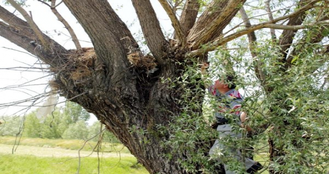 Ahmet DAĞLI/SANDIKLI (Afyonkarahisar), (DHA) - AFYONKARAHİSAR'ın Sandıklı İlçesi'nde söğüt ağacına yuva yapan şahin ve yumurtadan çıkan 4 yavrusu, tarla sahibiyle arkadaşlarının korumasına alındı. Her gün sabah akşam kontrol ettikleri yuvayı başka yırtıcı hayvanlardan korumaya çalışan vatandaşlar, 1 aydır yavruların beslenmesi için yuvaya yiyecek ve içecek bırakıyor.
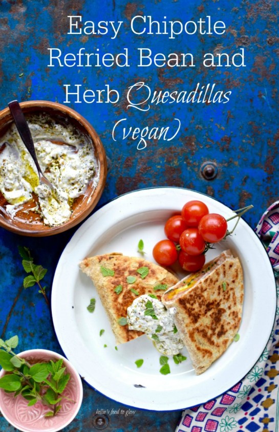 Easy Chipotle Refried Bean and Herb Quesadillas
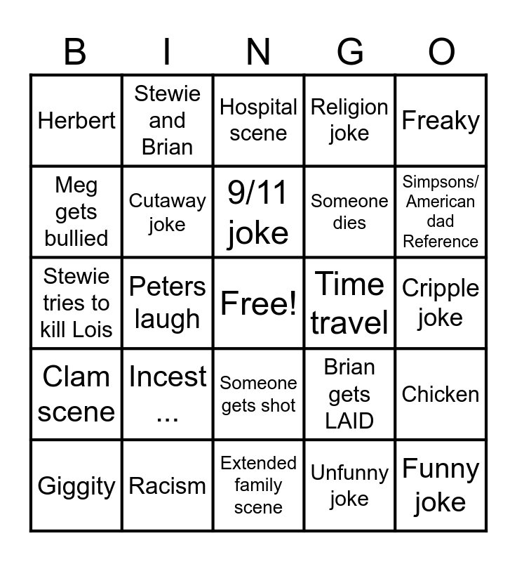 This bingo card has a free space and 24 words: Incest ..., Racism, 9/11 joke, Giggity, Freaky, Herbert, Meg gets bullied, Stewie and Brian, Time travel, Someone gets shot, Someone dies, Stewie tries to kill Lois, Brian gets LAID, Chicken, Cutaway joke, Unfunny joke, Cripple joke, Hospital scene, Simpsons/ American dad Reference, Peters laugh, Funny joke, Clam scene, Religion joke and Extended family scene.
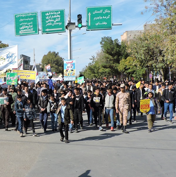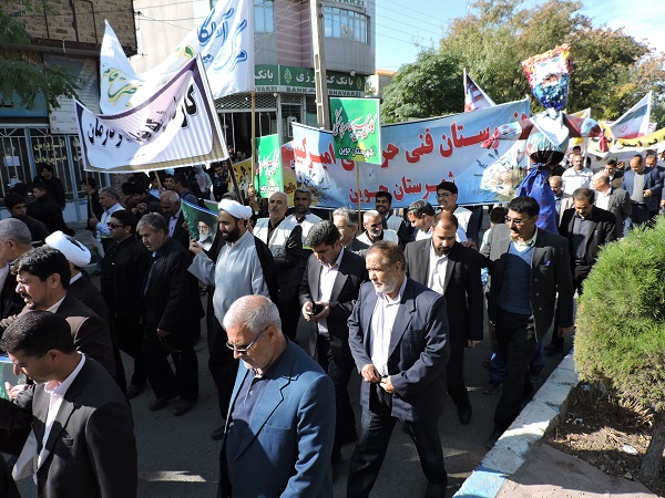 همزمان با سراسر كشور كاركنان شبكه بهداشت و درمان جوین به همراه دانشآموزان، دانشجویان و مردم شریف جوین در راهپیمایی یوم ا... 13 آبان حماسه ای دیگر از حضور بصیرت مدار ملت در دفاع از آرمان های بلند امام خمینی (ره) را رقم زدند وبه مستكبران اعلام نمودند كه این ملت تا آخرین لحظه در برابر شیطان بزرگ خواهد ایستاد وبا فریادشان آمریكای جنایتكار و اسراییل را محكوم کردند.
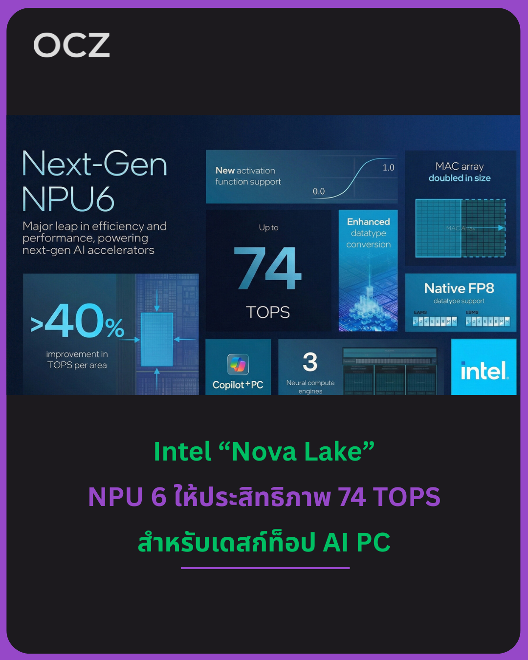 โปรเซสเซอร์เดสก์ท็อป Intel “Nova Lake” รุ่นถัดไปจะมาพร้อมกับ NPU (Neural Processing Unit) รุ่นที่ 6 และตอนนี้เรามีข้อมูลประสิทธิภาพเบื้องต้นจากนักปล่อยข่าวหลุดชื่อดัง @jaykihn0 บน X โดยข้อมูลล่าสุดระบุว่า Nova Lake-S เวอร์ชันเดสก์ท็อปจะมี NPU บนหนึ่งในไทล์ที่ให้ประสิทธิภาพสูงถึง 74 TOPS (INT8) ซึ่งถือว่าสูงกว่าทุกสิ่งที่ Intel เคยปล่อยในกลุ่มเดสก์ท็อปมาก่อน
::::::
• Task to complete
Look above for the line with "Easy Chipotle Refried" and the line with "همزمان با سراسر". Output those two and everything between them exactly, pictures excluded.

• Your solution
 Easy Chipotle Refried Bean and Herb Quesadillas
 This bingo card has a free space and 24 words: Incest ..., Racism, 9/11 joke, Giggity, Freaky, Herbert, Meg gets bullied, Stewie and Brian, Time travel, Someone gets shot, Someone dies, Stewie tries to kill Lois, Brian gets LAID, Chicken, Cutaway joke, Unfunny joke, Cripple joke, Hospital scene, Simpsons/ American dad Reference, Peters laugh, Funny joke, Clam scene, Religion joke and Extended family scene.
 همزمان با سراسر كشور كاركنان شبكه بهداشت و درمان جوین به همراه دانشآموزان، دانشجویان و مردم شریف جوین در راهپیمایی یوم ا... 13 آبان حماسه ای دیگر از حضور بصیرت مدار ملت در دفاع از آرمان های بلند امام خمینی (ره) را رقم زدند وبه مستكبران اعلام نمودند كه این ملت تا آخرین لحظه در برابر شیطان بزرگ خواهد ایستاد وبا فریادشان آمریكای جنایتكار و اسراییل را محكوم کردند.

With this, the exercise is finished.